_YOUR TASK_
Exact transcription begins at the first line of the material below and ends with the line holding "2. 2025年エンタメ決定"; pictures are skipped.

_SOURCE RECORDS_
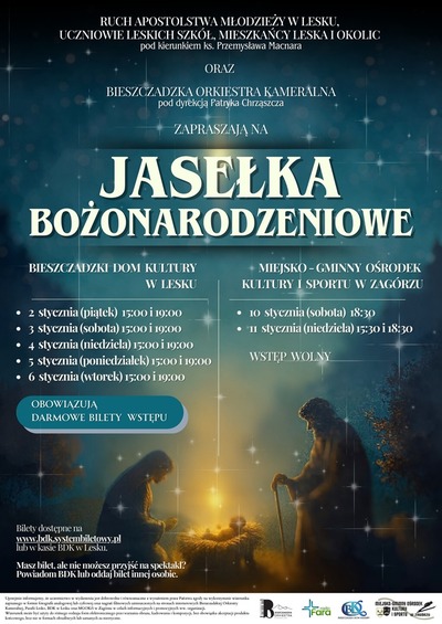 Jasełka Bożonarodzeniowe w wykonaniu Ruchu Apostolstwa Młodzieży w Lesku, uczniów leskich szkół, mieszkańców Leska i okolic pod kierunkiem ks. Przemysława Macnara oraz Bieszczadzkiej Orkiestry Kameralnej pod dyrekcją Patryka Chrząszcza.
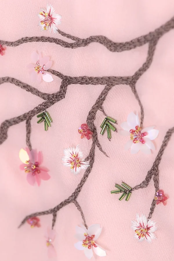 Bufanda de cachemira rosa pálido con una rama de cerezo en flor bordada a mano, inspirada en Maia, la mayor de las Pléyades — símbolo de primavera y renovación.
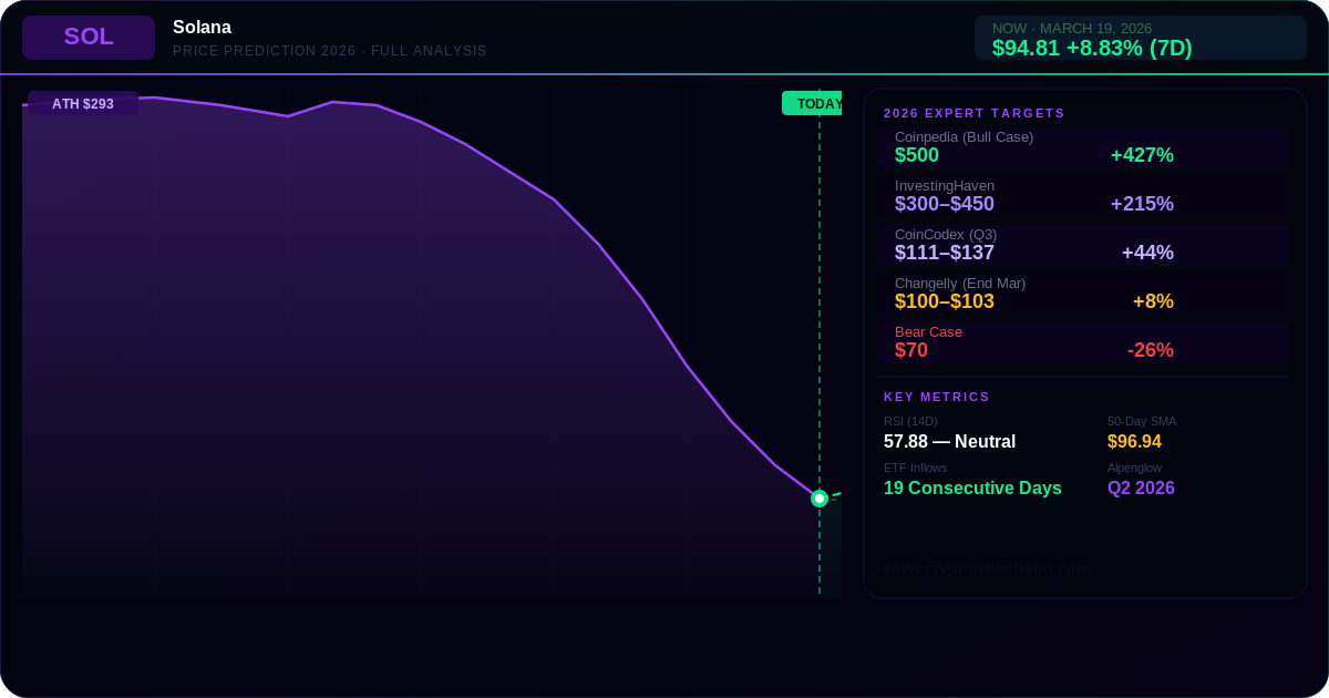 As of March 18, 2026, Solana is trading at $95.23 with a
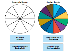 單圈絕對值編碼器在通電后會返回機械或電氣360°范圍內(nèi)的絕對位置信號。電機軸的位置可以立即讀取。多圈絕對值編碼器不僅具有絕對位置功能,而且能提供360°圈數(shù)計數(shù)。相比之下,增量編碼器提供相對于旋轉(zhuǎn)起點的位置。增量編碼器提供一個索引脈沖來指示0°,并提供一個單脈沖來計數(shù)圈數(shù),或提供一個雙脈沖來提供方向信息。
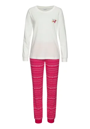 LASCANA Pyjama lichtbruin / knalrood / zwart / wit
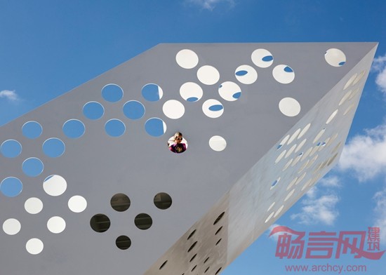 观光塔的各个侧面被打了许多远行的孔,这样既能与船舶上的圆形舷窗相呼应,又便于人们观看奥尔胡斯港。
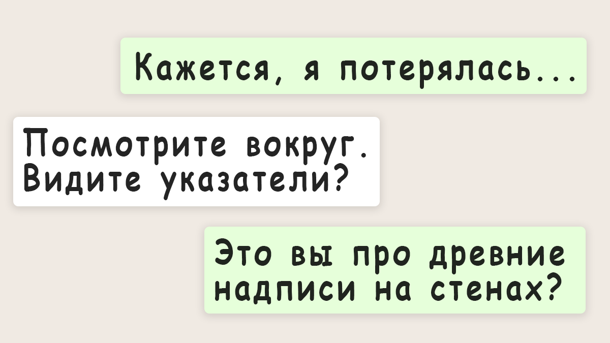 Я обернулась — группы не было. Гид с туристами успели уйти далеко вперед, оставив меня одну среди каменных стен. У меня возникло сразу же много разных эмоций и мыслей. Я начала громко звать людей, но в ответ — эхо! Смотрю назад: пару фонариков, а за ними — темнота. Да кто вообще придумал в первый же день отправлять туристов, которые даже по навигатору в другом городе ориентироваться не могут, в настоящую пещеру?! Решила пройти пару шагов, может, голос услышу. Но, как говорится: чем дальше в лес, тем больше дров… Мой телефон, по привычке, был выключен в отпуске, но, к счастью, интернет работал. Я быстро нашла в мессенджере номер гида, выданный в начале тура, и начала писать.
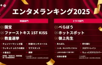 2. 2025年エンタメ決定版!noteが発表する映画・ドラマランキングTOP20、映画は『国宝』、ドラマは『べらぼう』が首位に
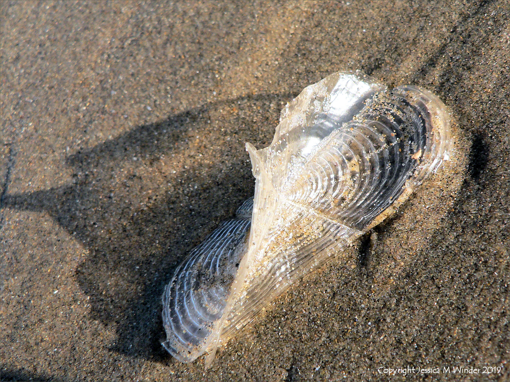 Velella velella chitinous float washed up on a sandy beach with the sail structure casting a shadow on the shore making it look like the small boat which appearance gives rise to its common name of “by-the-wind-sailor” P1040668
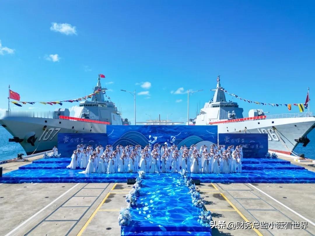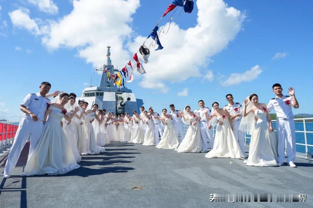 不得不说,我们的海军官兵真的很幸福,结婚的时候,两艘055大驱当背景,此等排面也
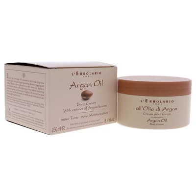 L’Erbolario Argan Oil Body Cream contains argan oil that helps your skin stay extra toned and supple, preventing dryness, chapping, and flaking. Thanks to its rare property as a skin toner, it also helps support nourishing and compacting skin while countering the onset of sagging. All to boost the glow of your skin, which will benefit not only from the formula but also from its light hazelnut scent.
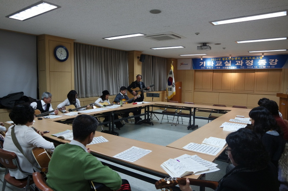 도량동(동장 최현도)은 12월 15일 지난 8월부터 4개월간 운영되었던 행복학습센터 기타교실 수강생들이 모인 가운데 기타교실 종강식을 개최했다.
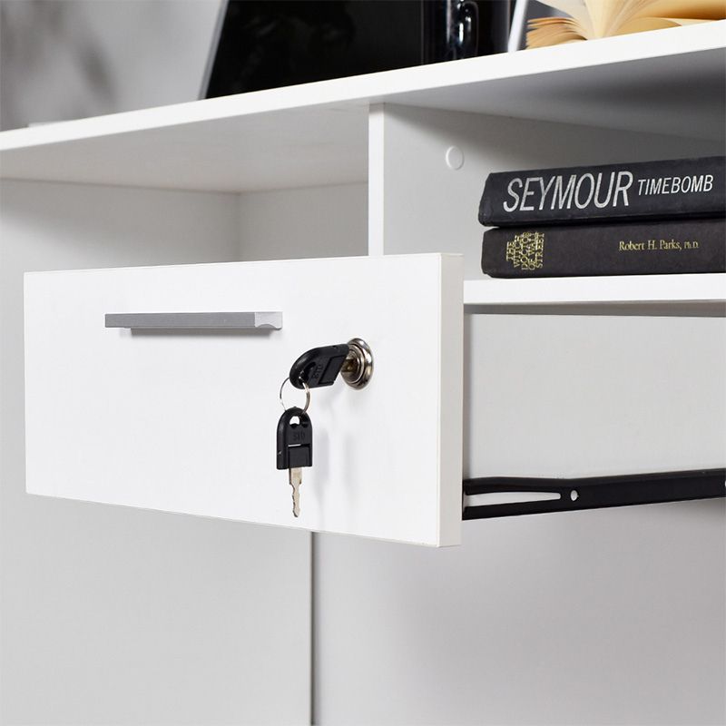 - Διαθέτει ένα συρτάρι με σύστημα κλειδώματος στα δεξιά και ένα ράφι ακριβώς πάνω από το συρτάρι.
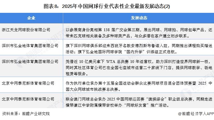 网球行业代表性企业最新发展动态
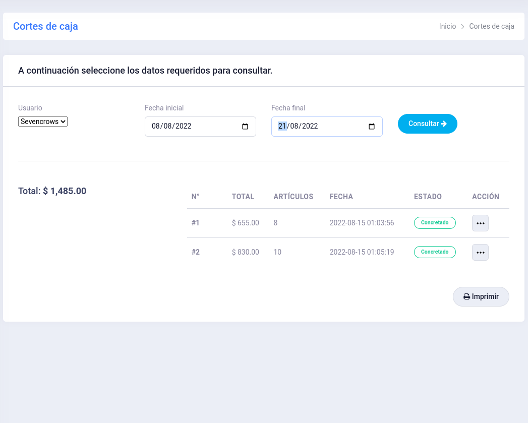 Cortes de caja
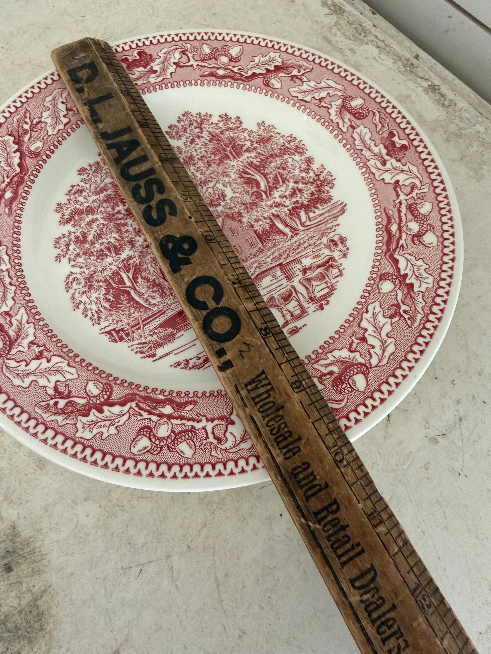 Vintage Royal Ironstone Memory Lane Dinner Plate 10” Red Transferware Country - as is see Chip sold individually
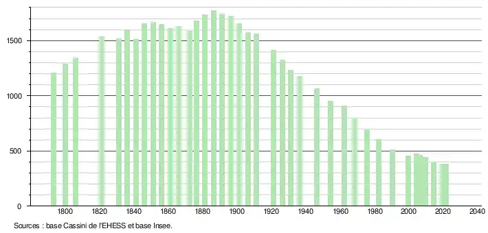 L'évolution du nombre d'habitants est connue à travers les recensements de la population effectués dans la commune depuis 1793. Pour les communes de moins de 10 000 habitants, une enquête de recensement portant sur toute la population est réalisée tous les cinq ans, les populations légales des années intermédiaires étant quant à elles estimées par interpolation ou extrapolation[22]. Pour la commune, le premier recensement exhaustif entrant dans le cadre du nouveau dispositif a été réalisé en 2004[23].
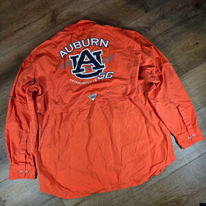 Show your team pride with this Auburn Tigers Columbia PFG fishing shirt in men’s size large. Designed in orange with vented back panels and a button-up front, it blends performance outdoor wear with NCAA fan style. Perfect for fishing, tailgates, or casual game day outfits.
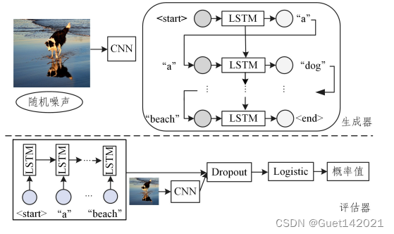 生成对抗网络模型中至少有两个模块:生成网络和判别网络.在训练过程中,生成网络生成尽量真实的数据以“欺骗”判别网络,并且通过判别网络的损失不断进行学习;而判别网络的任务就是区分生成的数据和真实数据.这两个网络通过动态的博弈学习,可以从无标签的数据中学习特征,从而生成新的数据.Dai等在2017年使用生成对抗网络通过控制随机噪声向量来生成多样化的描述.该模型分为两部分(如图所示):第一部分是句子生成部分,在该部分中依然使用CNN来提取图像特征,使用LSTM来生成句子,区别是在生成单词时加入了随机噪声,并在描述句生成完成后将其输入到第二部分的判别器进行评估.第二部分用来做句子评估,使用LSTM对句子进行编码,与图像特征一起处理获得一个概率值,评估该描述句是否与人类描述相似,是否符合图像内容,最后使用策略梯度方法反向传播更新参数,使其获得最大的概率值,直到输出理想的描述句。

_YOUR SOLUTION_
 Jasełka Bożonarodzeniowe w wykonaniu Ruchu Apostolstwa Młodzieży w Lesku, uczniów leskich szkół, mieszkańców Leska i okolic pod kierunkiem ks. Przemysława Macnara oraz Bieszczadzkiej Orkiestry Kameralnej pod dyrekcją Patryka Chrząszcza.
 Bufanda de cachemira rosa pálido con una rama de cerezo en flor bordada a mano, inspirada en Maia, la mayor de las Pléyades — símbolo de primavera y renovación.
 As of March 18, 2026, Solana is trading at $95.23 with a
 單圈絕對值編碼器在通電后會返回機械或電氣360°范圍內(nèi)的絕對位置信號。電機軸的位置可以立即讀取。多圈絕對值編碼器不僅具有絕對位置功能,而且能提供360°圈數(shù)計數(shù)。相比之下,增量編碼器提供相對于旋轉(zhuǎn)起點的位置。增量編碼器提供一個索引脈沖來指示0°,并提供一個單脈沖來計數(shù)圈數(shù),或提供一個雙脈沖來提供方向信息。
 LASCANA Pyjama lichtbruin / knalrood / zwart / wit
 观光塔的各个侧面被打了许多远行的孔,这样既能与船舶上的圆形舷窗相呼应,又便于人们观看奥尔胡斯港。
 Я обернулась — группы не было. Гид с туристами успели уйти далеко вперед, оставив меня одну среди каменных стен. У меня возникло сразу же много разных эмоций и мыслей. Я начала громко звать людей, но в ответ — эхо! Смотрю назад: пару фонариков, а за ними — темнота. Да кто вообще придумал в первый же день отправлять туристов, которые даже по навигатору в другом городе ориентироваться не могут, в настоящую пещеру?! Решила пройти пару шагов, может, голос услышу. Но, как говорится: чем дальше в лес, тем больше дров… Мой телефон, по привычке, был выключен в отпуске, но, к счастью, интернет работал. Я быстро нашла в мессенджере номер гида, выданный в начале тура, и начала писать.
 2. 2025年エンタメ決定版!noteが発表する映画・ドラマランキングTOP20、映画は『国宝』、ドラマは『べらぼう』が首位に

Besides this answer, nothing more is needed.